Hint: You should try using de-morgans theorems where not (A OR B) = not(A) AND not(B) to find not(Blond) OR not(Blue-Eyed).
• Nov 9th 2013, 09:06 PM
Fratricide
Re: Problem Involving Sets
Could you elaborate, please?
• Nov 9th 2013, 11:27 PM
chiro
Re: Problem Involving Sets
You are basically trying to find not(Blond) OR not(Blue-eyed).
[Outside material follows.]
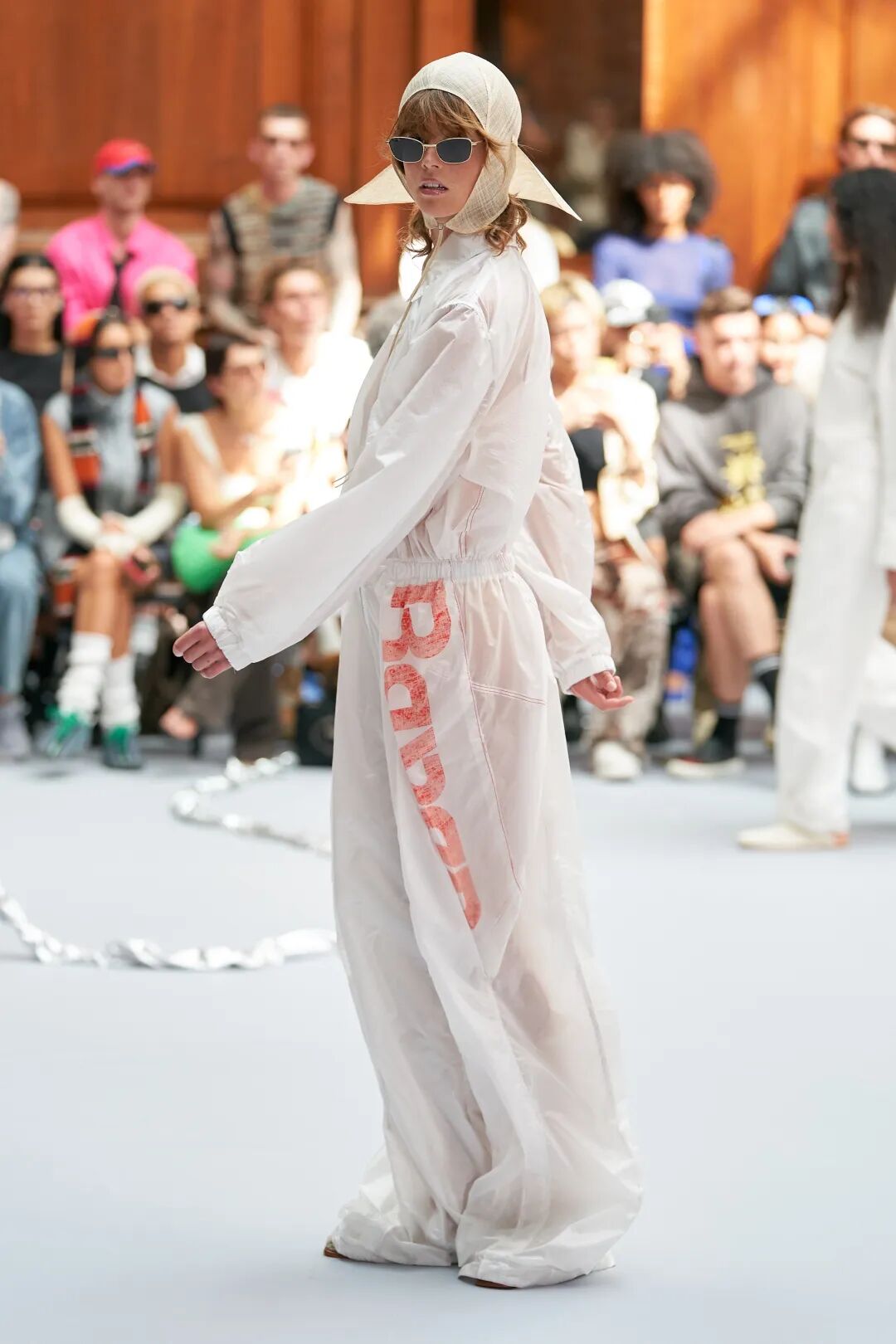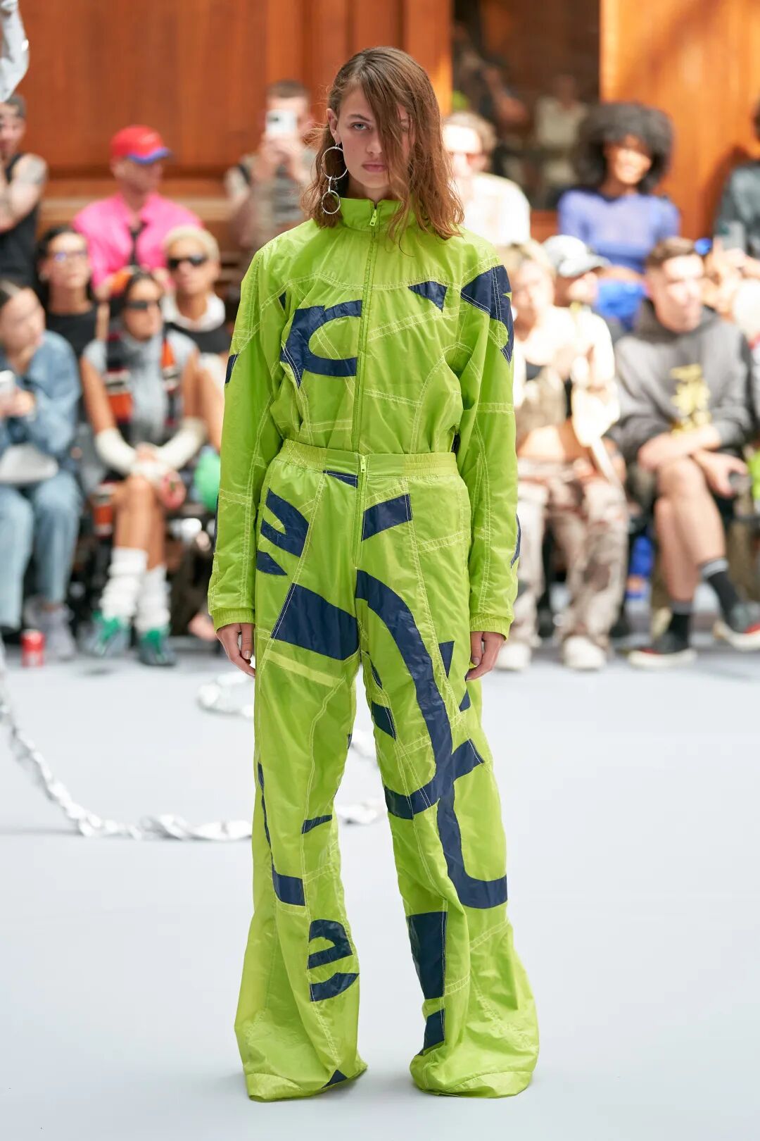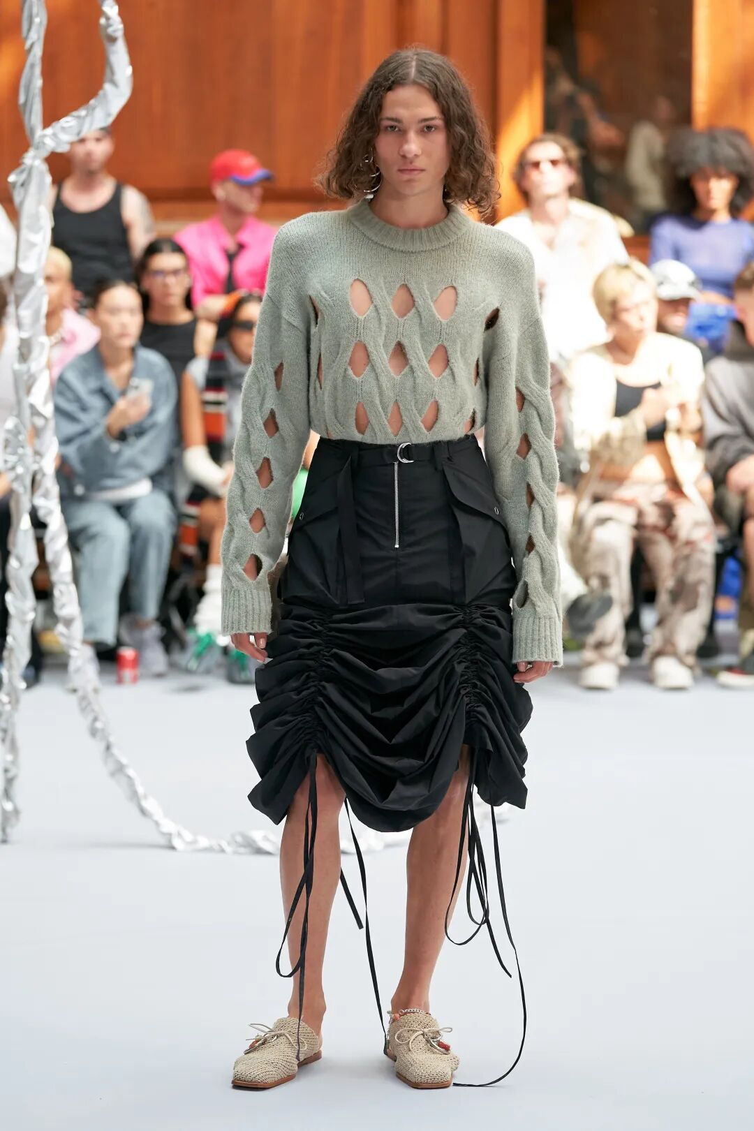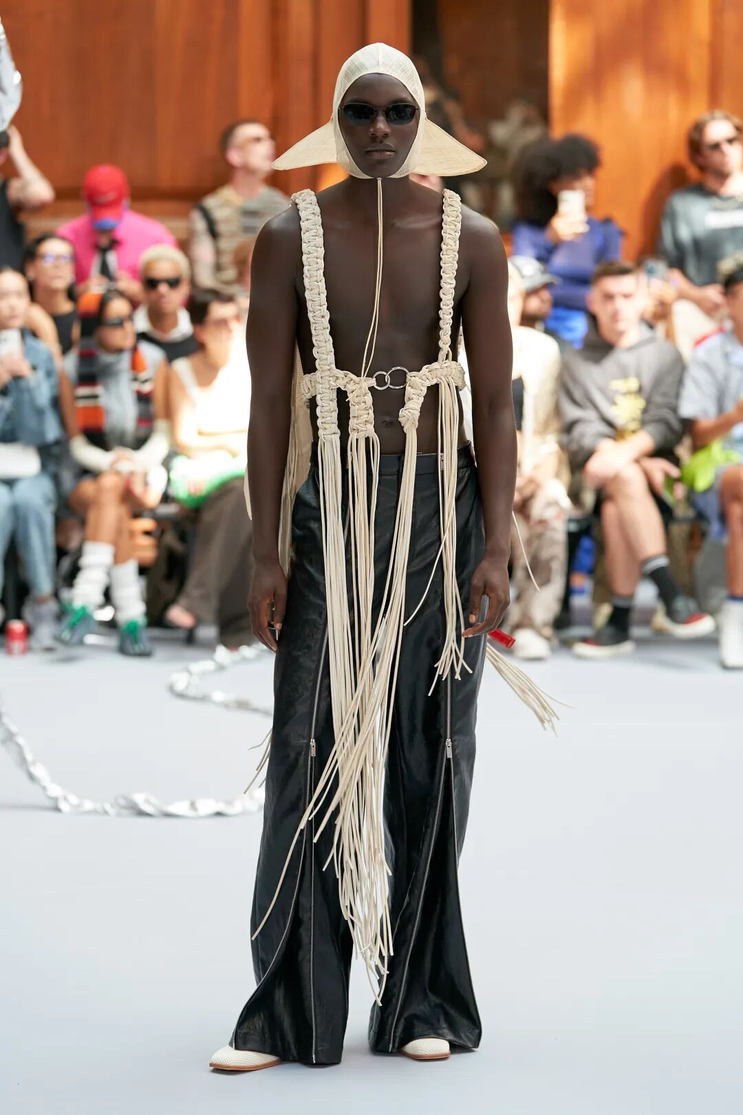 设计师将降落伞灵感元素融入服装和配饰中。用扣环做固定的连衣裙上出现自然的褶皱细节,而悬挂的编织绳则营造出流苏般的效果,并使用回收尼龙参与制作,坚持可持续时尚。

Using de-morgans laws this is equivalent to not(Blond AND Blue-Eyed).

Note that the last thing that was mentioned was 5 are blue-eyed-blonde-girls or Blue-eyed AND Blonde. (You need to use this piece of information).

Remember that
(Blonde AND Blue-Eyed) OR (Note Blonde AND Blue-Eyed) = Blue-Eyed and
(Blond and Non-Blue-Eyed) OR (Blonde and Blue-Eyed) = Blonde.